Oka et Octobre 1970, ces crises soeurs

La crise d’Oka, essai d’Émilie Guilbeault-Cayer, tombe pile. Il réinterprète les événements de 1990, les compare à ceux d’Octobre 1970 et dévoile un Québec où les rapprochements dépassent les différences. La jeune historienne a donné à son livre un sous-titre inspirant: Au-delà des barricades. Elle y souligne qu’à Oka, en banlieue de Montréal, l’extrême tension de 78 jours, durant l’été 1990, entre des Warriors mohawks masqués, lourdement armés, et les forces de l’ordre (la Sûreté du Québec, puis un régiment francophone de l’armée canadienne), devint, grâce aux médias, «le symbole mondial des revendications autochtones et de l’incompréhension régnant dans ce domaine».
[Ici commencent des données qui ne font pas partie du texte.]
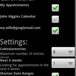 8. Android Agenda Widget Mit dem Android Agenda Widget lassen sich Termine und Aufgaben anzeigen, die beispielsweise im Google Kalender, Motorola Milestone Kalender oder einer der Notepad-Apps Astrid, SSI gTasks und Dato GTask gespeichert sind. Die verfügbaren Widget-Größen sind 2×2, 2×3, 2×4, 3×1, 3×2, 3×3, 3×4, 4×1, 4×2, 4×3 und 4×4. Das optische Erscheinungsbild des Android Agenda Widgets lässt sich mit Skins und Einstellungsmöglichkeiten an persönliche Wünsche anpassen.
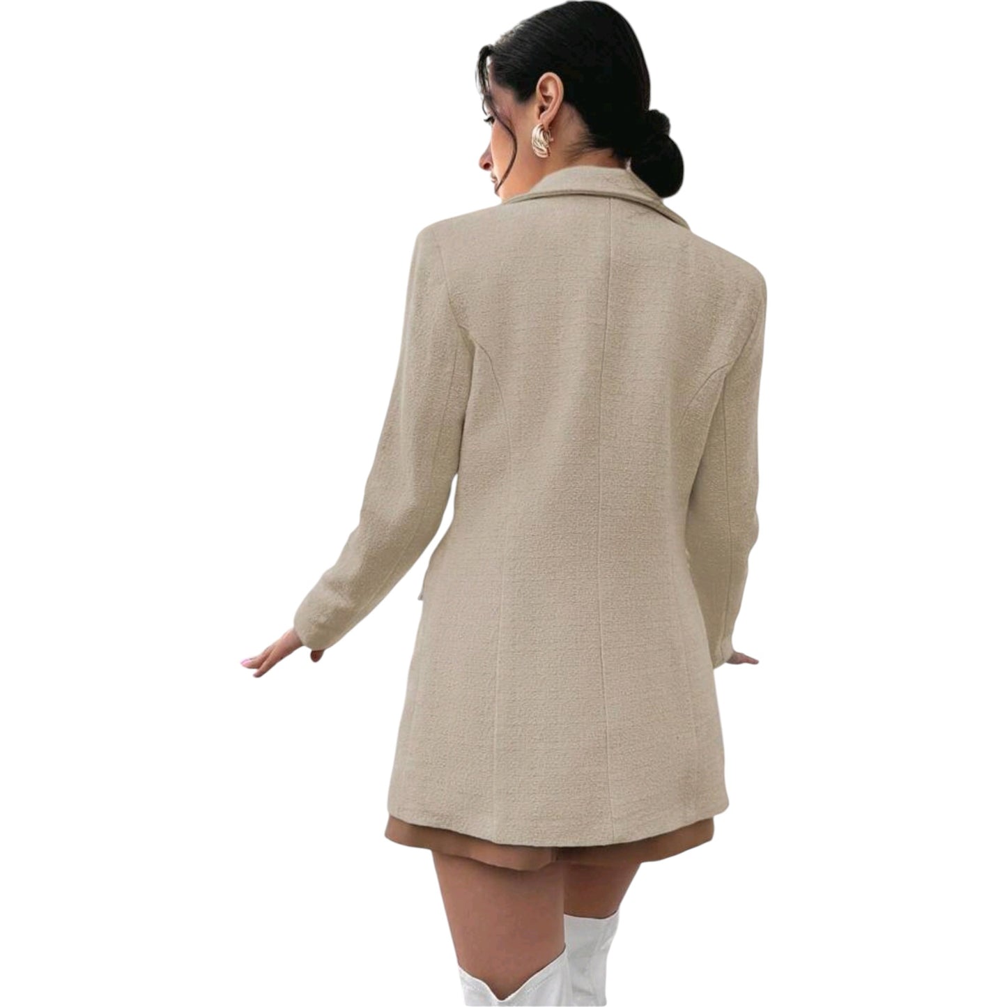 Címke nélküli, bézs, tweed hatású, dupla gombsoros blézerruha arany gombokkal és zsebekkel.
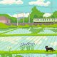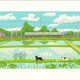 Two black cats and three tortoises are walking with 2 animals in the paddy field just after the rice planting. A train of two-car train will pass in the distance.
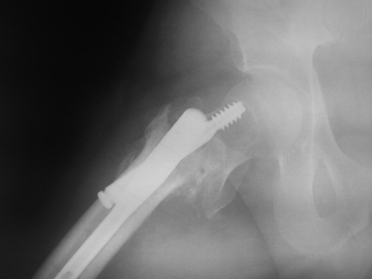 Уважаемые коллеги, посоветуйте, пожалста, как исправить ситуацию. Мужчина 45 лет 1,5 мес назад прооперирован в одной из клиник в средней полосе. Выполнен остеосинтез, видимо , Gamma 3.
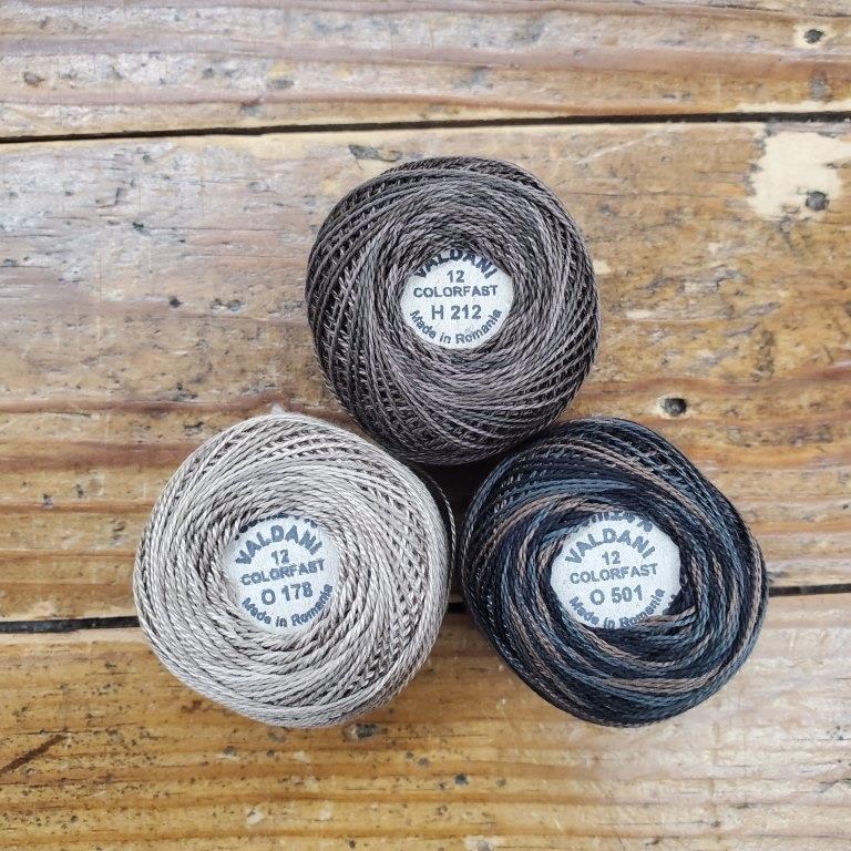 Valdani Pearl Cotton Size 12 collection includes 3 shades of Valdani. Colors include Tea Dyed Stone, Faded Brown, and Ebony Almond.

La mort d’un agent de la SQ, la participation au conflit des Mohawks de Kanesatake (Oka), de Kahnawake, sur la Rive-Sud, et d’Akwesasne (Saint-Régis), les dissensions entre les Warriors (liés à la contrebande, aux casinos) et les traditionalistes qui, pacifiques, se réclament de la spiritualité iroquoise, entremêlent violence, solidarité amérindienne et désunion des protestataires. Les relations entre l’État québécois et les autochtones, pourtant prometteuses sous René Lévesque (de 1976 à 1985), sont bouleversées.


Réforme


La reconnaissance en 1983 par le gouvernement péquiste des peuples aborigènes comme «nations distinctes» et de leurs «droits de souveraineté», à l’intérieur du Québec, ne pouvait se concrétiser à moins d’une réforme de la Constitution canadienne, puisque la question autochtone est de compétence fédérale. Comme Lévesque était en froid avec Ottawa depuis le rapatriement en 1982 de la Constitution sans l’aval du Québec, toute évolution constructive devenait impossible.


Émilie Guilbeault-Cayer a l’intelligence d’établir que les deux grandes revendications identitaires dans la Confédération canadienne, l’autochtone et la québécoise, sont si stratégiquement reliées qu’elles paraissent empiéter l’une sur l’autre. Elle fait un parallèle au symbolisme puissant : à Oka et en octobre 1970, un groupe revendicateur et violent se heurte au gouvernement québécois du libéral Robert Bourassa et à son grand frère l’État canadien, un homme meurt, l’armée intervient…


En Nouvelle-France, surtout après la Grande Paix de Montréal (1701), les ancêtres des Amérindiens et ceux des Québécois cheminèrent côte à côte, mais la Conquête britannique rompit cet équilibre. Tirant leçon de la crise d’Oka, un gouvernement péquiste signe en 2002 la paix des braves avec les Cris. «Excellent exemple» de progrès, note Émilie Guilbeault-Cayer. Deux nations dominées sont faites pour se comprendre. La plus humiliée reste toujours le miroir subliminal de l’autre.